Within galaxies, most stars live out their lives -- bursting to life, evolving over millions to billions of years, dying violently or slowly. An image of a nebula formed of reddish clouds surrounding a cluster of bright blue white stars.
 
Text, To understand the universe we must understand galaxies. Variously shaped galaxies appear and fade into the background.
 
Other galaxies are too far away for us to reach.
 
Even if we could travel at the speed of light it would still take us 2.5 million years to reach the closest large galaxy, Andromeda. An image of a disk-shaped galaxy with cloudy arms spiralling out from a bright glowing white center.
 
Text, so we must study galaxies from afar.
 
A computer simulation of glowing objects spinning and colliding in darkness. Text, Our understanding is also complicated by time. Galaxies grow and evolve over billions of years -- too slowly for us to observe the changes happening in real time.
 
Fortunately, we can see galaxies as they were at different times in the past.
 
An illustration of many galaxies arranged in transparent layers. The closest layer is labeled light from nearby galaxies. The most distant layer is labeled light from distant galaxies. Text, Light moves quickly but it still takes time to travel through space. Arrows move from the distant to the nearby galaxies.
 
Text, Light from more distant galaxies takes longer to reach us. The arrow from the most distant galaxies continues to move while the closer arrow has stopped.
 
Text, When we capture this light we see galaxies as they appeared with that light started traveling. For distant galaxies, we see them as they were billions of years ago. Images of small galaxies in spiral, disk, or dot shapes and blue, red, and yellow colors.
 
Distant developing galaxies appear as tiny dots. Nearby developed galaxy appears as a large spiral. Text, by looking at different distances, we can observe galaxies at different ages and stages of development.
 
An animation of waves of light moving from a galaxy to earth. Text, But as light travels through the expanding universe, it become stretched by the expansion of space.
 
Visible light changes to infrared light. The light wave turns red as it approaches earth.
 
Text, to see distant early galaxies we must look for this infrared light. A nebula spins in the background.
 
Infrared light is invisible to our eyes but not to NASA's James Webb Space Telescope.
 
An animation of the telescope unfolding itself in space, expanding two long arms in the front and back and stretching two panels open to the sides, forming a reflective silver diamond shaped surface under a panel of golden hexagonal plates that unfold to form a disc framed by long rods that connect at a point.

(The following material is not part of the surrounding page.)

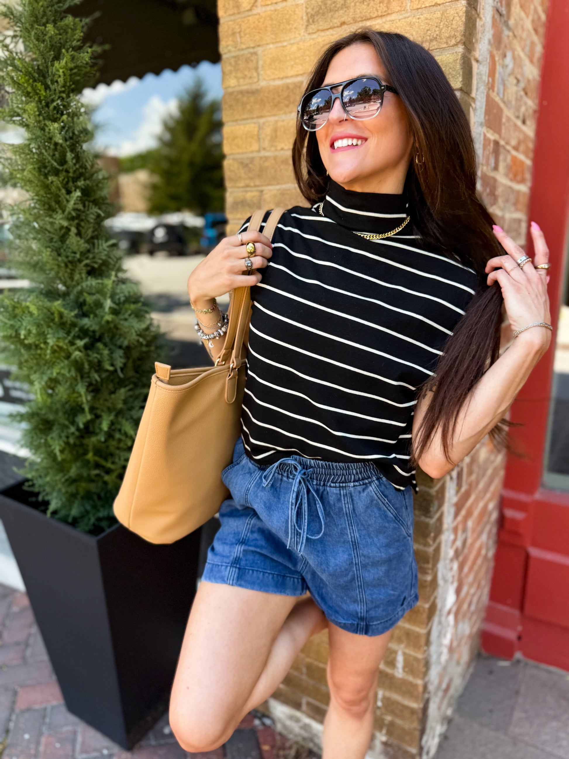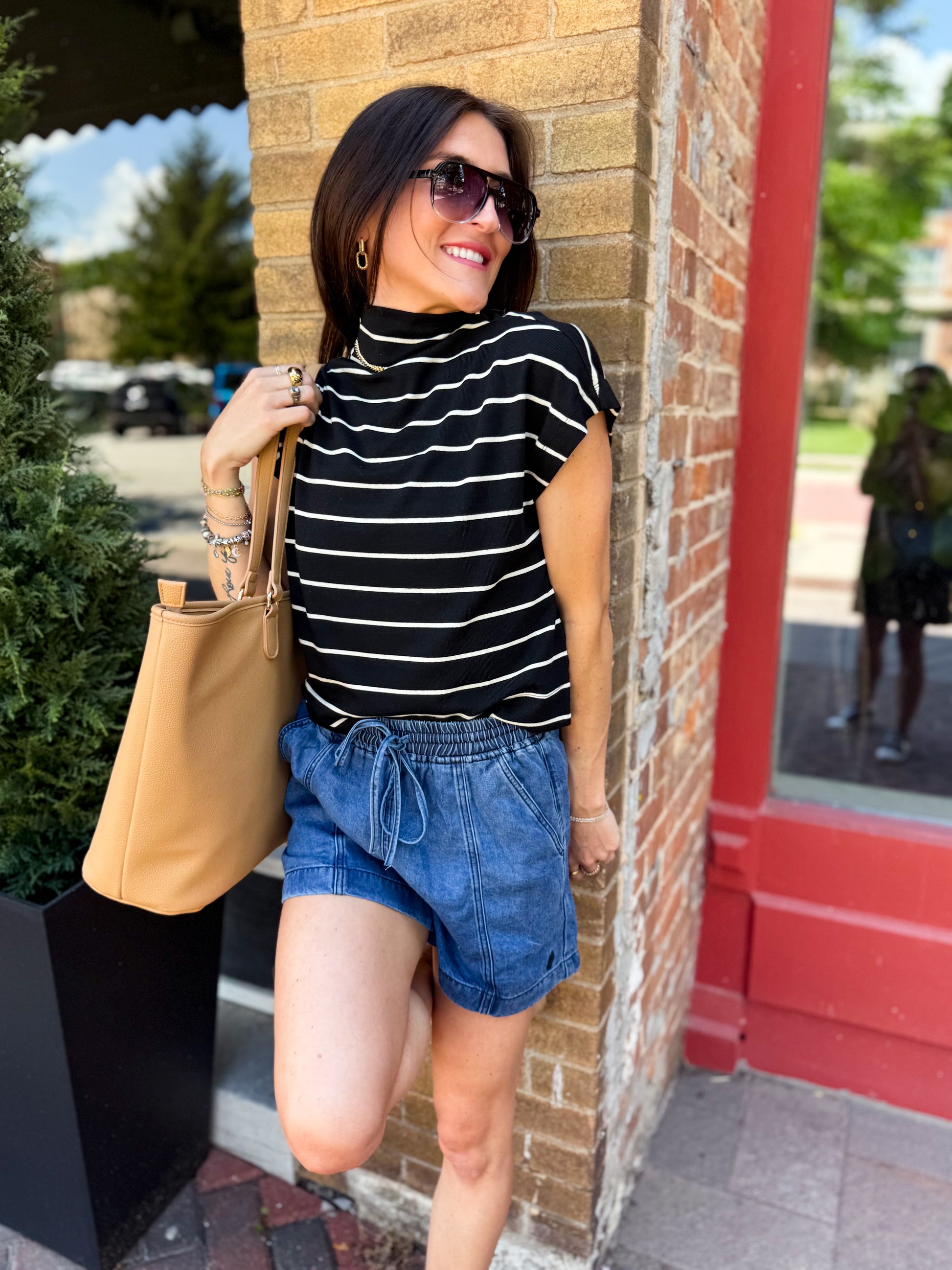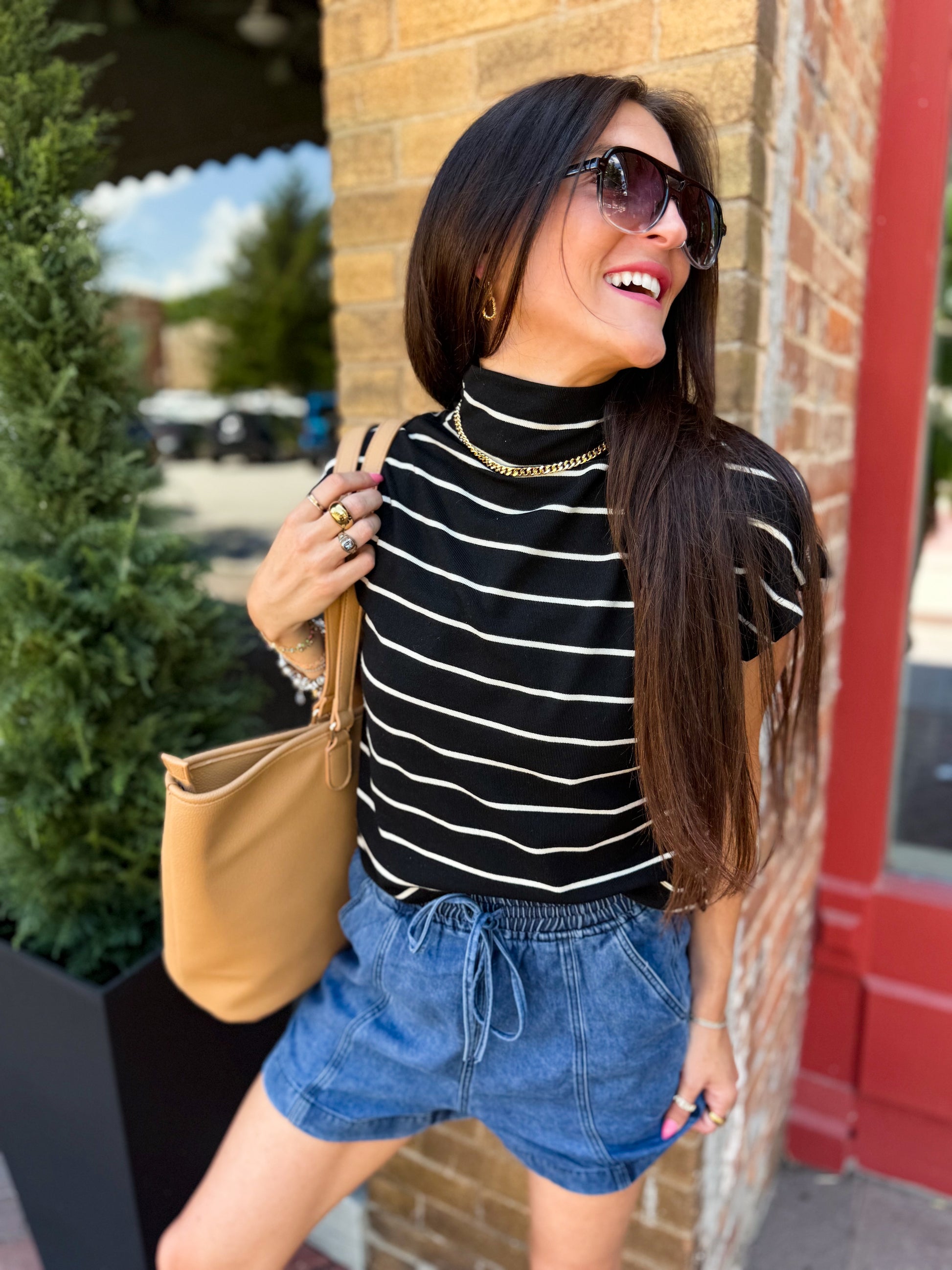Wrap yourself in cozy charm with the Stripe Mock Neck pullover. Featuring a snug mock neck and playful stripes, this knit top adds a fun twist to your outfit. Perfect for layering or wearing on its own, it keeps you comfortable and stylish all day long with effortless ease.

Text, Webb is the largest and most sensitive infrared space telescope ever built. With its position far from Earth and its giant mirror, Webb will capture infrared light never seen before.
 
The telescope near a red galaxy. Text, its powerful infrared vision opens up previously undiscovered realms of the universe.
 
A point flashes bright purple and white on a black background. Text, Webb can observe the first galaxies flickering to life after the big bang.
 
An image of space filled with galaxies. Text, Webb now turns its gaze on the universe's most distant galaxies, the tiny galaxy building blocks that became the graceful spirals and glowing ellipticals we know today.